But honestly u used to be a cool guy and lately uve been superame(734): Superlame
we did it on the carpet and she just yells out "OH. MY PSORIASIS".
do you have any idea why i woke up naked spooning my toaster?
lets put it this way..we'd win on tool academy
Restaurants Roasting People Who Gave Them Negative Yelp Reviews (25 Pics)
Just had sex in the basement of the library... I knew I was paying $120,000 for something more than a law degree
One reason I don't come to Portland. I saw 8 guys I have had sex with last night. At the same party.
By 8 I mean 9.
And by 9 I mean 10.
How could you not be happy? Its like "and then I found 5 dollars" but "and then I found a handle of vodka"
its not that he announces that he can deep throat a banana its the fact he knows he can and it makes me wonder how he found out
When I told her that her boyfriend was making out with another chick, all she said was "which one"
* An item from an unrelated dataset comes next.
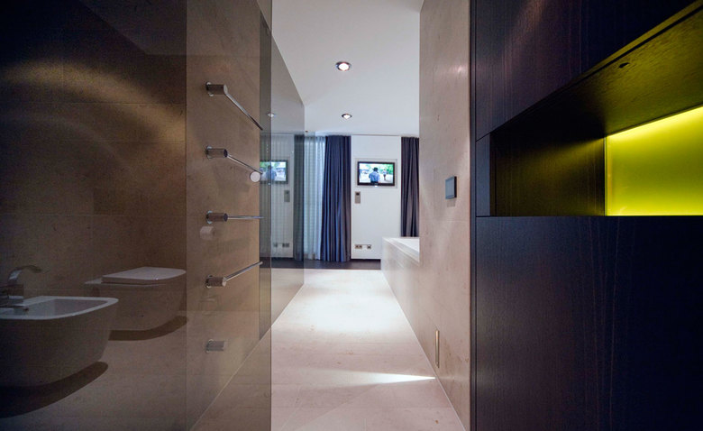 Sämtliche Einbaumöbel wurden von a+p entwickelt und auch beim Kauf von Textilien, Teppichen und allen losen Möbeln war das Architekturbüro beratend tätig. So konnten Materialien, Farben und Strukturen bis ins letzte Detail aufeinander abgestimmt werden.

Woman Posts Harassing DMs From Creep Online, Now He’s Upset Because People Told His Mom
he ate me out on his front porch at dawn. i orgasmed when the sun began to rise. most romantic morning booty call ever.
Come on. I'll make you hot pockets. Literally and sexually.
The only reason I have clothes in my overnight bag is to cover up my sex toys.
You texted me the words "butt stuff" 53 times in a four hour period last night.
Hey. It's Michael. The guy that had his tongue in your mouth last night. Just wanted to check in with you.
they call themselves the foursome.. thats def means they're up for one right?